LISTED ENTRIES:

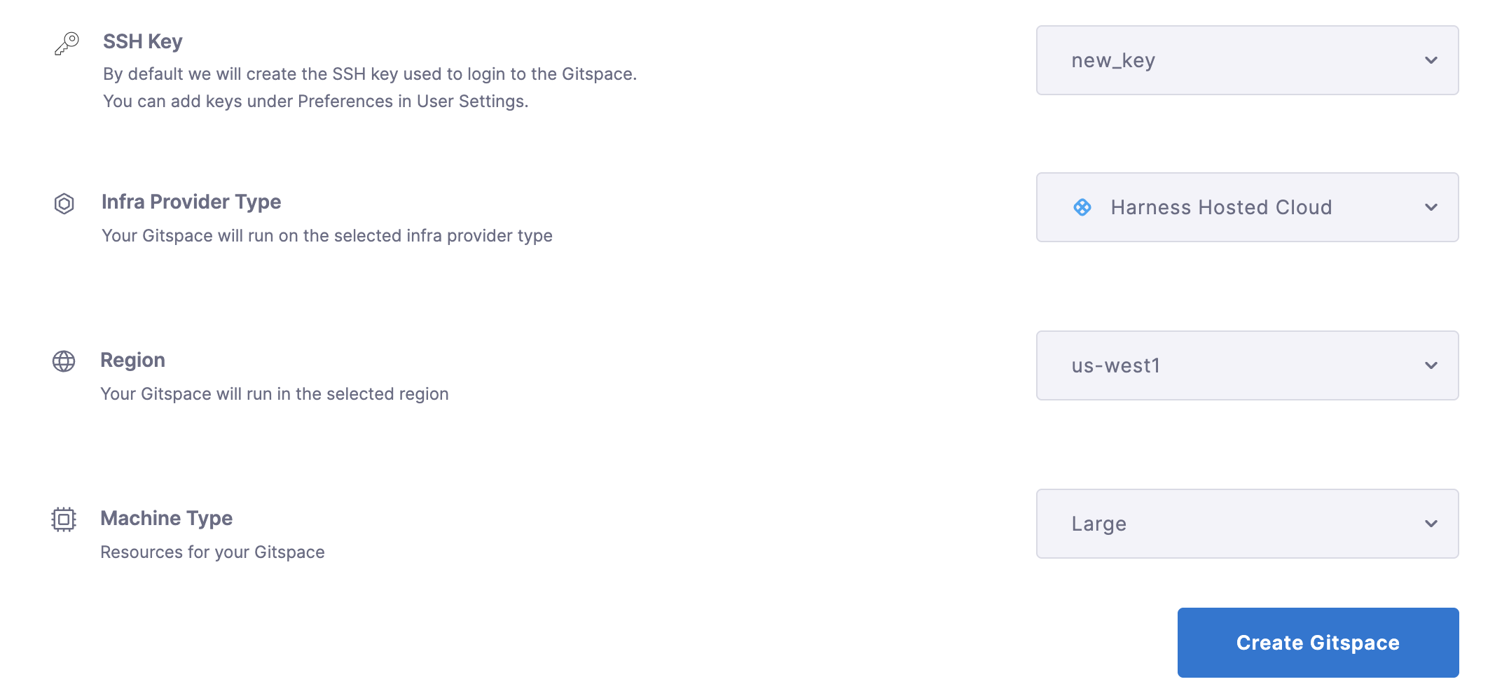 1. Navigate to the Harness UI and create a new Gitspace for your project repository.
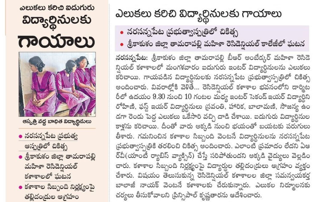 27.08.2024న శ్రీకాకుళం జిల్లా తామరాపల్లి మహిళా రెసిడెన్షియల్ కాలేజీలో ఎలుకలు కరిచి ఐదుగురు విద్యార్థినులకు గాయాలు. నరసన్నపేట ప్రభుత్వాస్పత్రిలో చికిత్స.
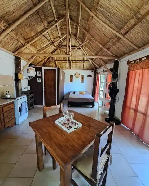 Son 2 cabañas : Amarella y El quincho. Con cama matrimonial, vajilla, cocina con horno, pava eléctrica, termotanque eléctrico, heladera, Smart tv con Wi-Fi, ventilador, frazadas,baño completo,
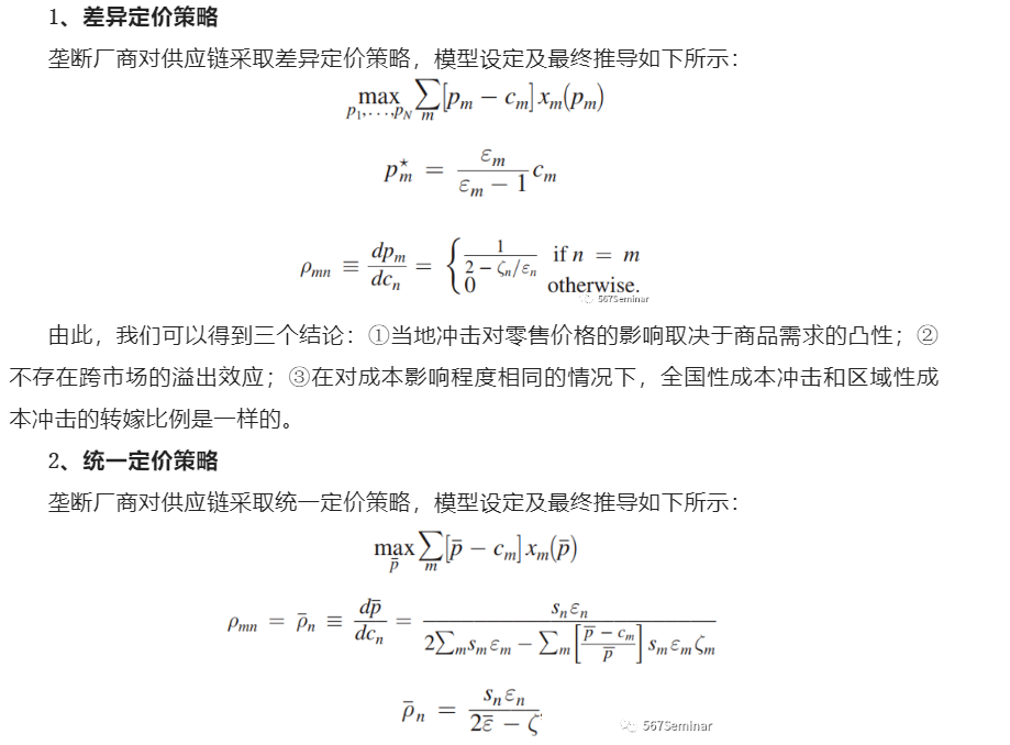 由此,我们同样可以得到三个结论:①任何一个市场的成本冲击都会使得所有市场的价格发生变化,即存在溢出效应;②与差异定价策略情形相比,区域性成本冲击的价格转嫁要更小;③受到成本冲击影响程度越高的市场,价格转嫁越明显。
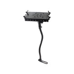 This kit includes the RAM-234-6 with the RAM POD I with a 1" diameter ball and socket. This universal vehicle mounting base quickly and easily installs into a variety of vehicles and other applications. The RAM POD I has a maximum extension of 18" but can be cut to desired length. The black steel foot can be attached to the inside seat rail bolt of the passenger or any existing bolt.
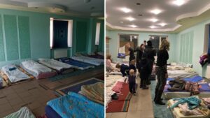 По официальным данным с начала войны, спасаясь от российской армии, в г. Ривне прибыло около шести тысяч беженцев из Киева, Ирпеня, Чернигова, Харькова, Запорожья, Луганщины. Наряду с другими христианскими церквями и организациями нашего города христианская миссия «Надежда — людям» и Библейская миссионерская церковь «Община Доброго Пастыря» активно включились в работу по оказанию помощи пострадавшим. Практически весь имеющийся транспорт и братья-водители задействованы в служении эвакуации людей из горячих точек и доставки их в Ривне. Здесь мы организовываем для них ночлег на загородной базе «Залесье» неподалеку, которая вмещает до 150 людей, а также в самом помещении миссии, где можно временно разместить 50-70 человек.
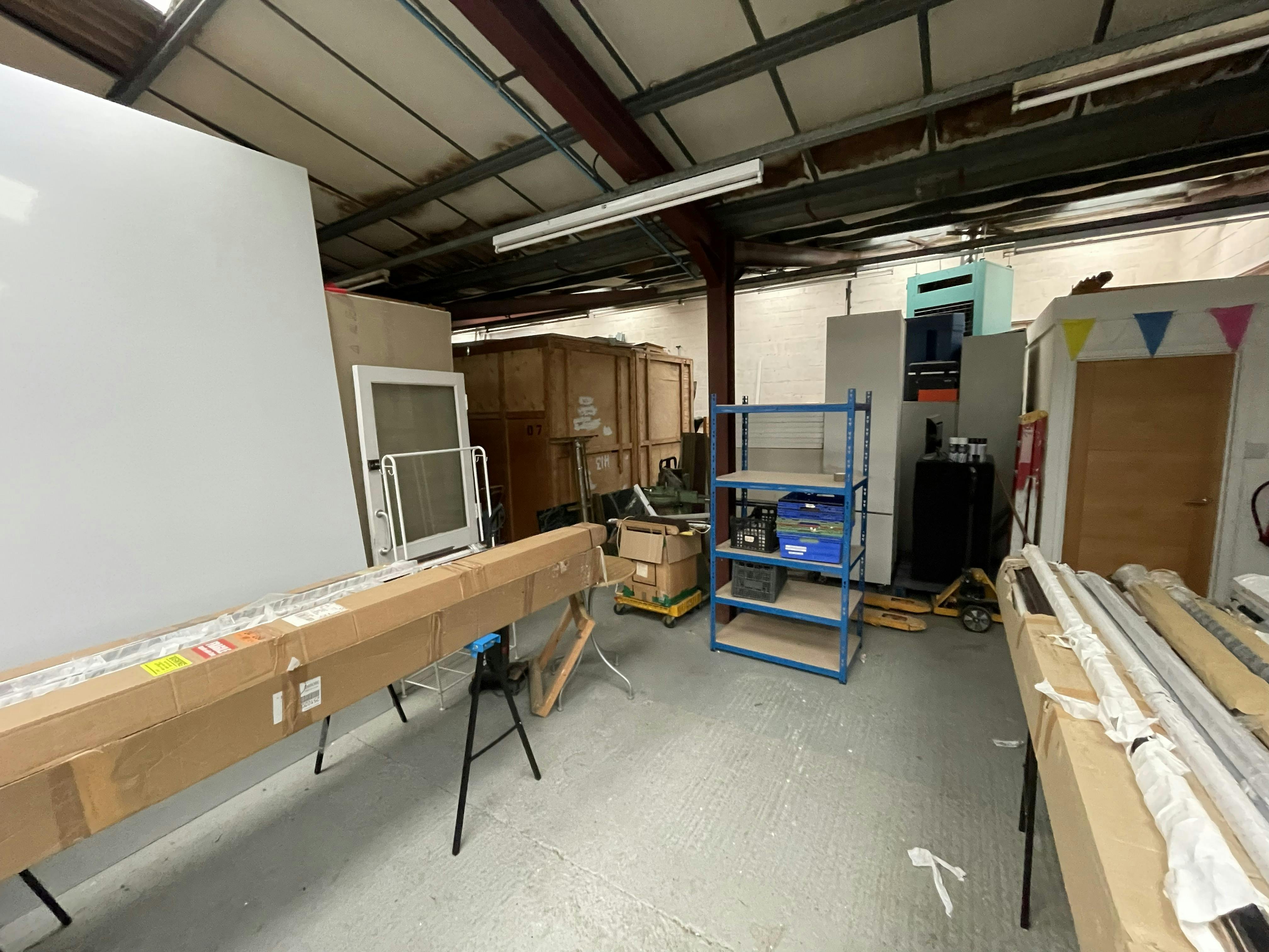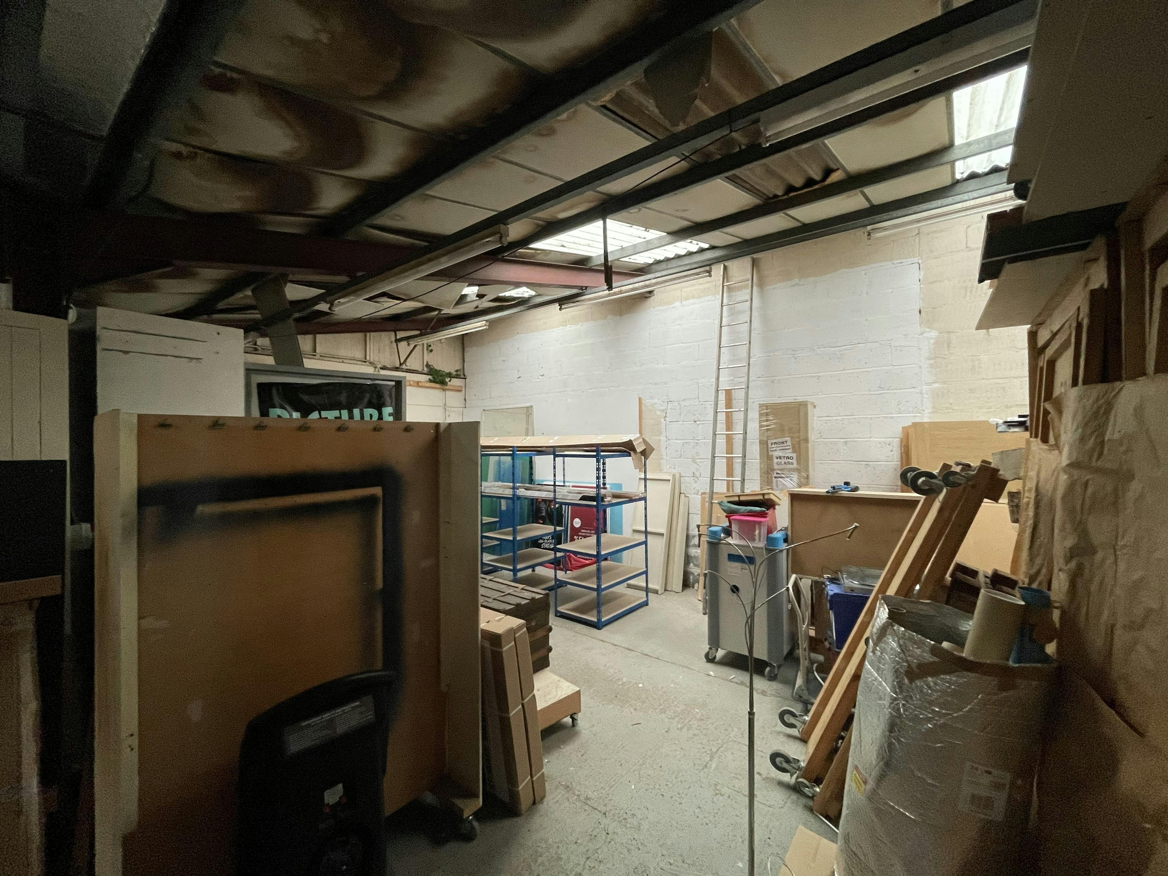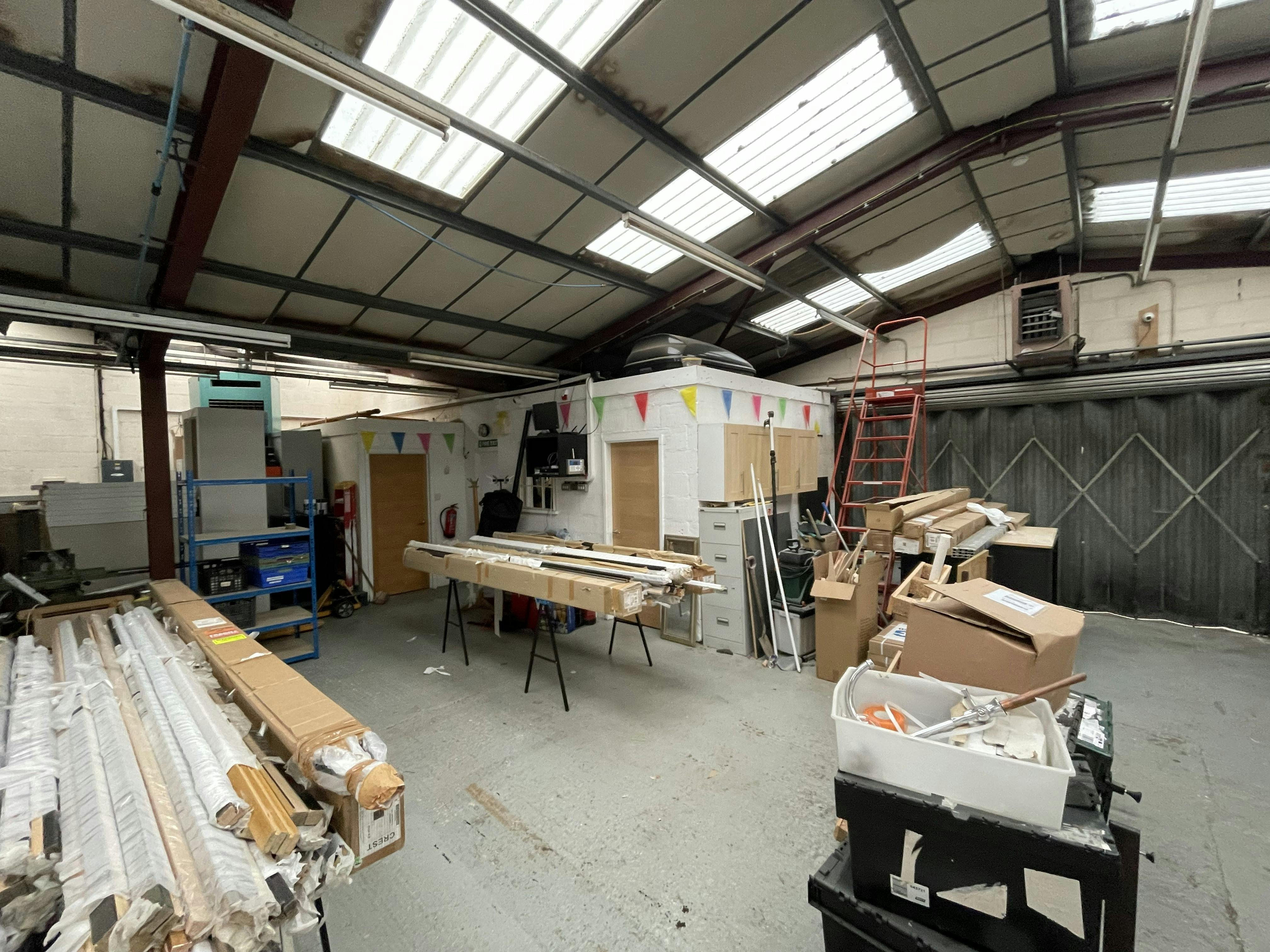 The property comprises a semi-detached steel portal frame industrial unit with brick elevations to the front and concrete panel cladding to the side and rear elevations with a rear mono pitch roof extension. Internally the unit has lighting provided by a mixture of LED and mounted fluorescent strips, WC and kitchen facilities as well as two small offices formed from concrete blocks and further internal store/work area structures created at the rear. Externally there is a small yard type area to the rear and a loading area to the front. There is also a good sized car parking area.

WHAT THIS TASK INVOLVES: From the records above, copy only the lines running from the line holding "Son 2 cabañas" through the line holding "По официальным данным", with no pictures.

EXPECTED ANSWER:
 Son 2 cabañas : Amarella y El quincho. Con cama matrimonial, vajilla, cocina con horno, pava eléctrica, termotanque eléctrico, heladera, Smart tv con Wi-Fi, ventilador, frazadas,baño completo,
 由此,我们同样可以得到三个结论:①任何一个市场的成本冲击都会使得所有市场的价格发生变化,即存在溢出效应;②与差异定价策略情形相比,区域性成本冲击的价格转嫁要更小;③受到成本冲击影响程度越高的市场,价格转嫁越明显。
 This kit includes the RAM-234-6 with the RAM POD I with a 1" diameter ball and socket. This universal vehicle mounting base quickly and easily installs into a variety of vehicles and other applications. The RAM POD I has a maximum extension of 18" but can be cut to desired length. The black steel foot can be attached to the inside seat rail bolt of the passenger or any existing bolt.
 По официальным данным с начала войны, спасаясь от российской армии, в г. Ривне прибыло около шести тысяч беженцев из Киева, Ирпеня, Чернигова, Харькова, Запорожья, Луганщины. Наряду с другими христианскими церквями и организациями нашего города христианская миссия «Надежда — людям» и Библейская миссионерская церковь «Община Доброго Пастыря» активно включились в работу по оказанию помощи пострадавшим. Практически весь имеющийся транспорт и братья-водители задействованы в служении эвакуации людей из горячих точек и доставки их в Ривне. Здесь мы организовываем для них ночлег на загородной базе «Залесье» неподалеку, которая вмещает до 150 людей, а также в самом помещении миссии, где можно временно разместить 50-70 человек.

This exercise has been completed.